Angie Dickinson with Ron Moody in Dial ‘M’ for Murder.

Onscreen adultery rarely looked more glamorous than when it was being committed by Angie Dickinson, who followed her turn as one of the more significant straying spouses in the history of cinema—in Brian De Palma’s 1980 classic, Dressed to Kill—with a TV remake of another notable tale of extramarital betrayal, Dial ‘M’ for Murder. In an intriguing departure from other adaptations of Frederick Knott’s stage play, Dickinson was 50 years old when she tackled the role of Margot Wendice—twice as old as Grace Kelly, who played Margot in Alfred Hitchcock’s Dial ‘M’ for Murder (1954).
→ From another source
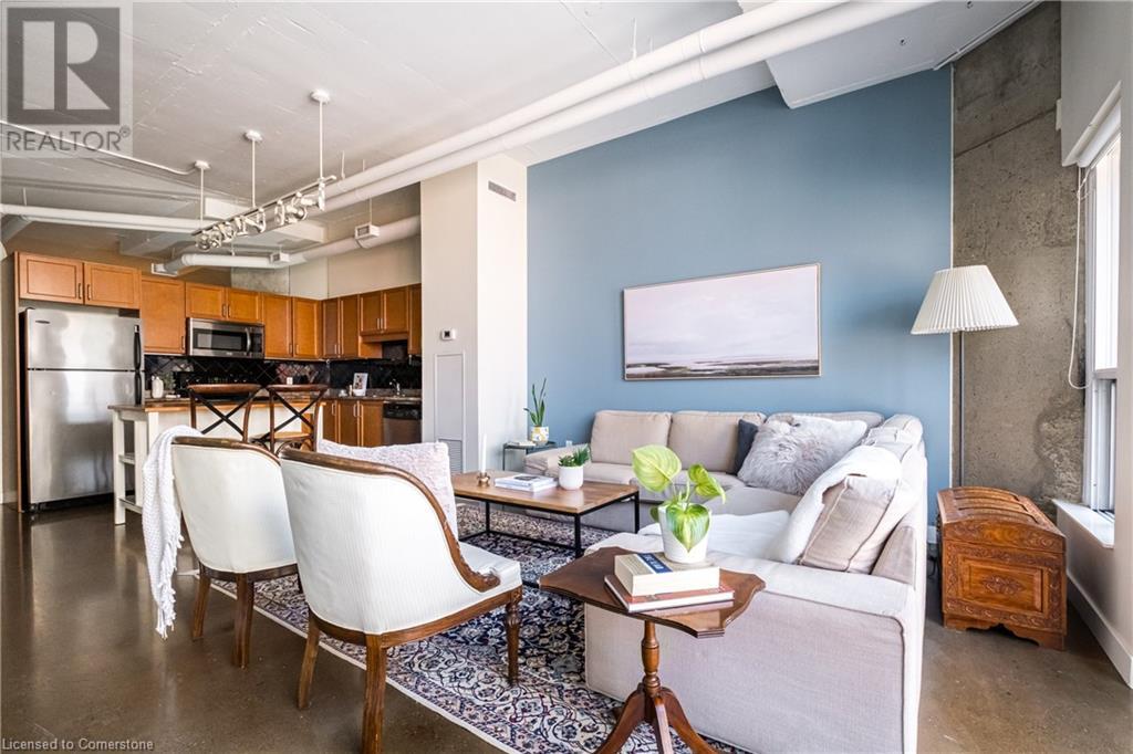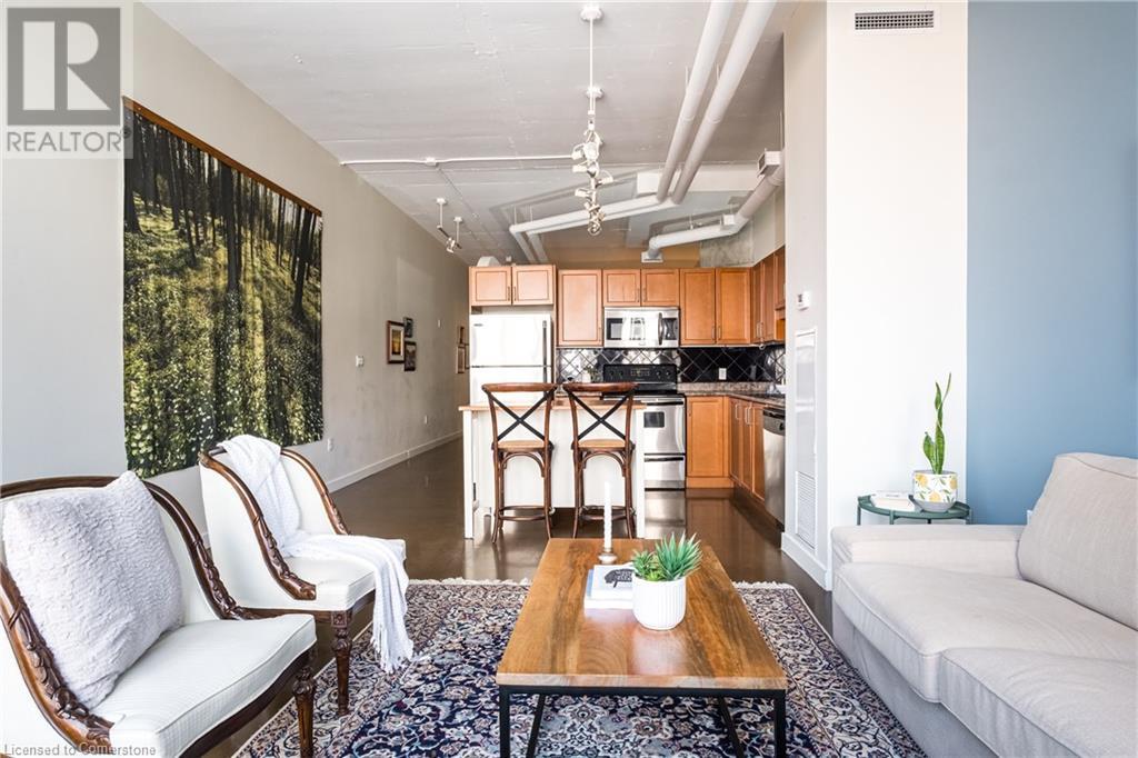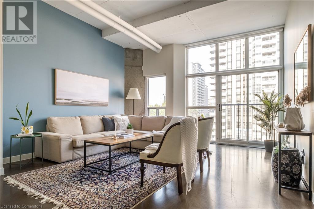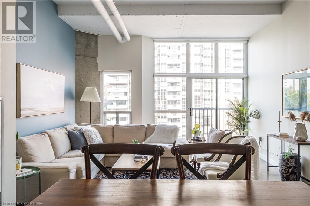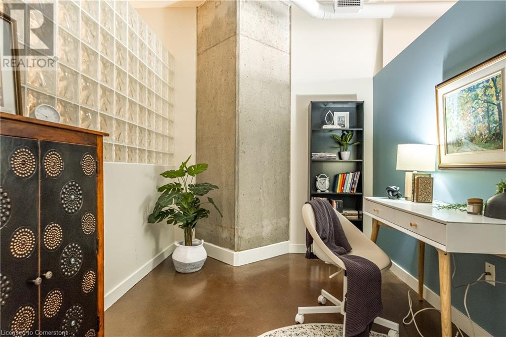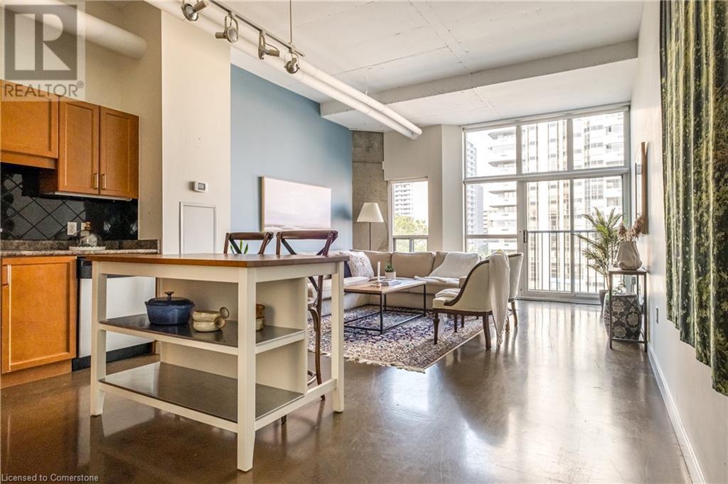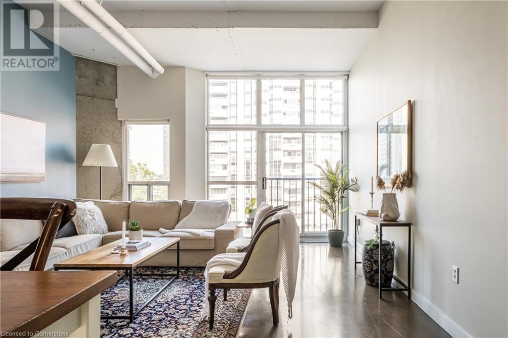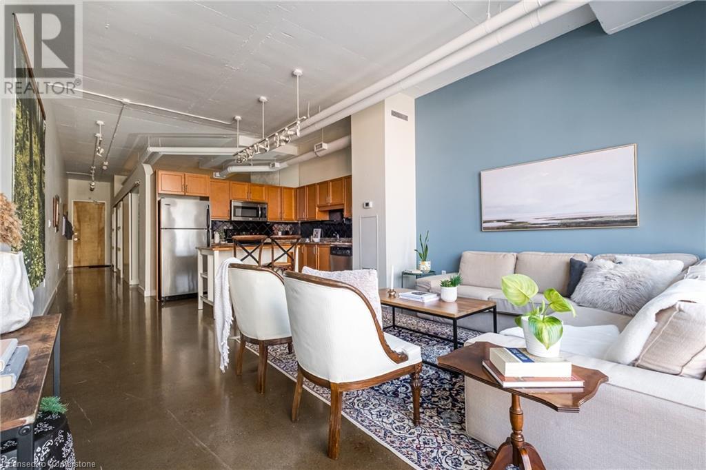 $627.86 MonthlyExperience urban chic living at the Core Lofts! This super cool condo boasts a modern industrial vibe with polished concrete floors, soaring 10+ft ceilings with exposed pipes and beams, glass bock accents and floor-to-ceiling windows for a ton of natural light. This 834 sqft unit features 1 bedroom plus a den that can also serve as a home office or an additional bedroom, a 4pc bath, convenient in-suite laundry and an open-concept living and dining area. The kitchen features stainless steel appliances with lots of cupboards and the spacious open living area is perfect for entertaining with a Juliette balcony to enjoy west-facing sunset views. Residents enjoy premium building amenities, including a gym, party room, guest suites, and rooftop patio with BBQ perfect for taking in breathtaking city skyline views. The unit include an underground parking spot and convenient lockers on 8th-floor. This sought-after building in a prime downtown location is close to all area hospitals, making it ideal for medical professionals, and within walking distance of James St N, restaurants, shopping and amenities, the AGH, Convention Centre, FirstOntario Place, the Library, Farmers’ Market and just minutes to trendy Locke St S., McMaster University, public and Go-transit, and easy access to the 403 make this cool and convenient condo at the Core Lofts the perfect choice to call home! (id:55009)

That Dickinson’s Margot and Christopher Plummer’s Tony Wendice are an age-appropriate pairing subtly reconfigures their power dynamic. Grace Kelly’s youthfulness, contrasted with the Ray Milland’s cool, mature composure as a retired tennis player, enhanced her character’s vulnerability. In Andrew Davis’ A Perfect Murder, a 1998 remake, Gwyneth Paltrow would’ve been more believable as the daughter, not wife, of an embattled Michael Douglas. Dickinson, who held her own in westerns, exploitation flicks, police fare, and opposite the Rat Pack, was no ingénue by 1981, raising the domestic stakes.